我的理解是 zip 正在写入(或读取)单个底层流;所以我的假设将是响亮的不;如果您谈论的是单个底层流,则这不可能是线程安全的。
然而;单独的实例与单独的底层流对话应该没问题;事实上,并行运行单独的(不相关的)任务通常比并行单个任务更容易。
My understanding is that the zip is writing to (or reading from) a single underlying stream; so my assumption would be a resounding no; this cannot be thread safe if you are talking about a single underlying stream.
However; separate instances talking to separate underlying streams should be fine; and indeed it is usually easier to run separate (unrelated) tasks in parallel than it is to parallelise a single task.

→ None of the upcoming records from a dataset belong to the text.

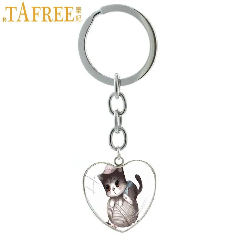 TAFREE активное домашнее животное, брелок для кошек, цепочка для ключей в виде котов, стеклянный карбошон, брелок для подарка друга, ювелирное изделие TB43
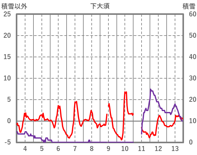 | 日 | 時 | 気温 | 降水 | 風向/風速 | 日照 | 積雪 | 降雪 |
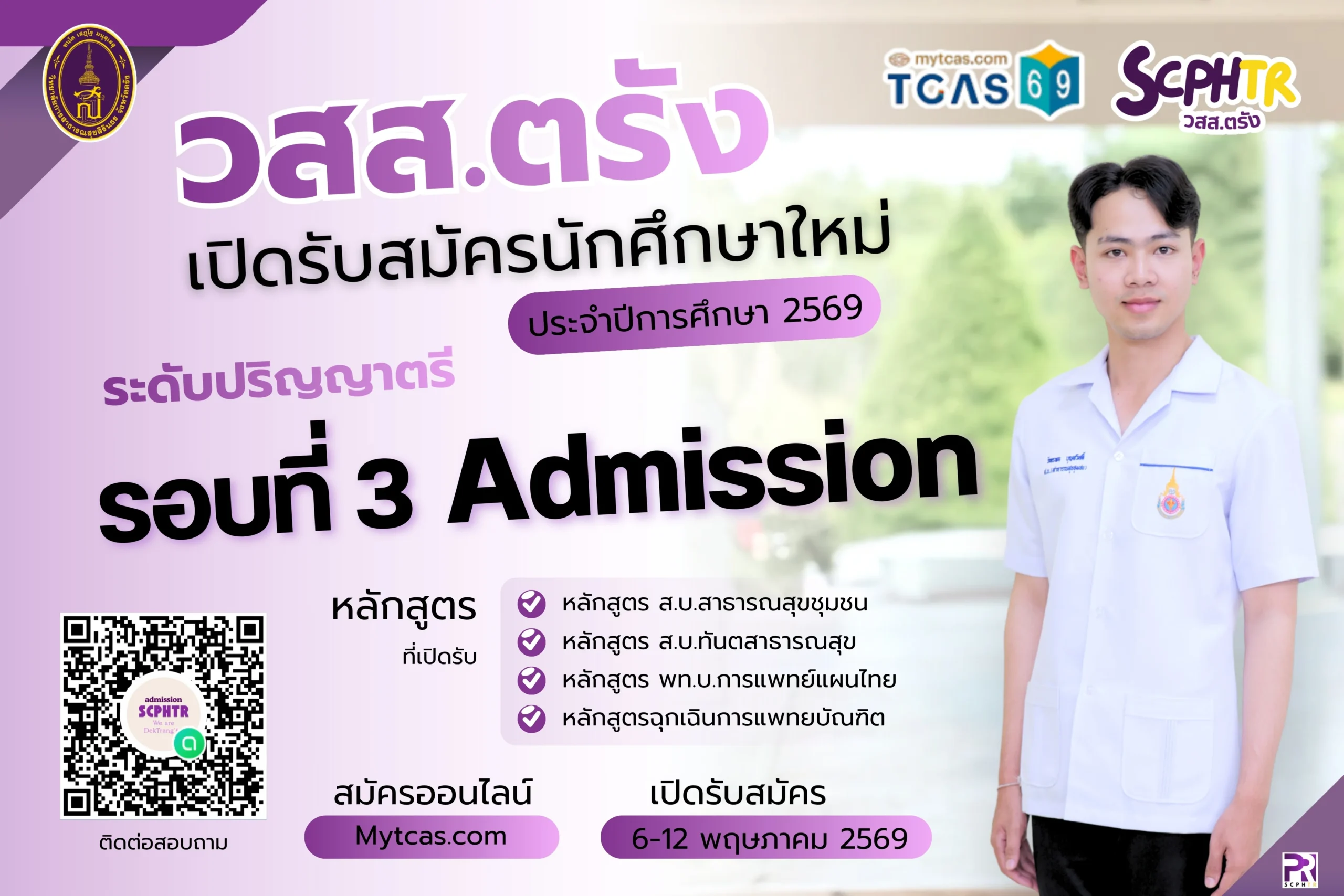 🚩ประกาศรับสมัครนักศึกษา ปีการศึกษา 2569 (รอบที่ 3 Admission) ระดับปริญญาตรี (ป.ตรี) ⭐คณะสาธารณสุขศาสตร์และสหเวชศาสตร์
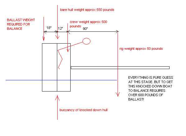 OK, next step is to figure the ballast needed to make it self righting and if you want to start a big argument just try to define "self righting". To me with a boat to be sailed close to shore where huge waves won't lurk and where rescue is possible I think it might mean it would return upright from a 90 degree tilt. To Howard Chapelle self righting for a sharpie was to return from just a 45 degree tilt. To an ocean sailor, who could get rolled by a big wave, it can mean righting from way past horizontal, say to 140 degrees. I don't know if any boat with inside ballast could do that.
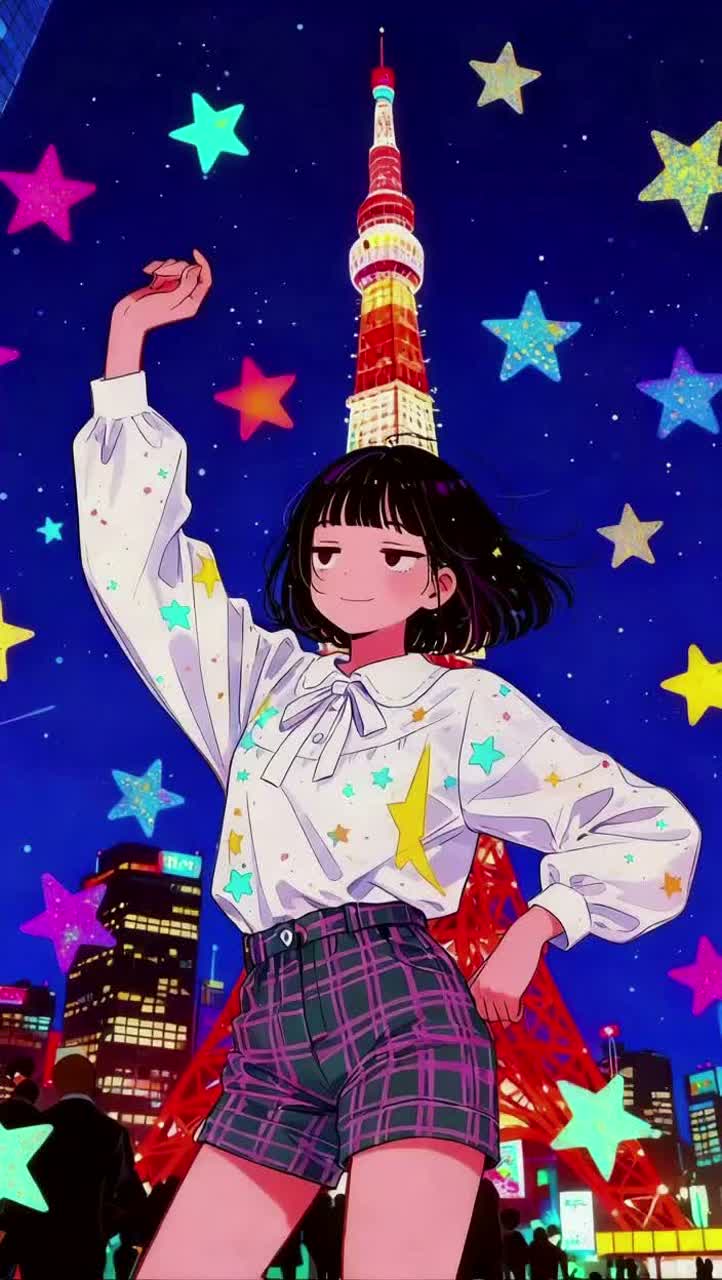 The anime song erupts with glitchy fills, bold synth leads, punchy sidechained bass, and relentless arps, Verses are playful and cool, giving way to explosive, battle-charged choruses packed with distorted synths, fierce vocal chops, and sharp drops, Emotional, triumphant chords back a dynamic young female vocal—soft verses shifting to hyped shouts, The bridge strips to minimal digital textures, then surges into a heroic, densely layered hyper-pop chorus driven by dramatic fills

在对类进行编码时,确保所有静态成员都是线程安全的是标准做法。所以我认为你不太可能因为这个问题而遇到问题。当然,如果您计划从不同线程使用相同
GZipOutputStream
,那么这肯定会出现问题,因为该类的实例成员不是线程安全的。您可以做的是创建一个线程安全的中间人
Stream
类(想想装饰器模式)并将其传递给GZipOutputStream
。这个自定义流类(称为 ThreadSafeStream )本身会接受一个 Stream 实例,并使用适当的机制来同步对其的访问。您将为每个线程创建一个
GZipOutputStream
实例,并且它们都将共享相同的ThreadSafeStream
包装器实例。我怀疑 ThreadSafeStream 方法中可能会存在很多瓶颈,但您应该能够从中获得一些并行性。It is standard practice to make sure all static members are thread-safe when coding classes. So I would think it is very unlikely that you would have a problem due to that issue. Of course, if you plan on using the same
GZipOutputStream
from different threads then that would definitely be problematic since instance members of that class are not thread-safe.What you might be able to do is to create a thread-safe middleman
Stream
class (think decorator pattern) and pass that to theGZipOutputStream
. This custom stream class, call itThreadSafeStream
, would itself accept aStream
instance and would use the appropriate mechanisms to synchronize access to it.You will create one
GZipOutputStream
instance for each thread and they will all share the sameThreadSafeStream
wrapper instance. I suspect there will probably be a lot of bottlenecking in theThreadSafeStream
methods, but you should be able to gain some parallelism from this.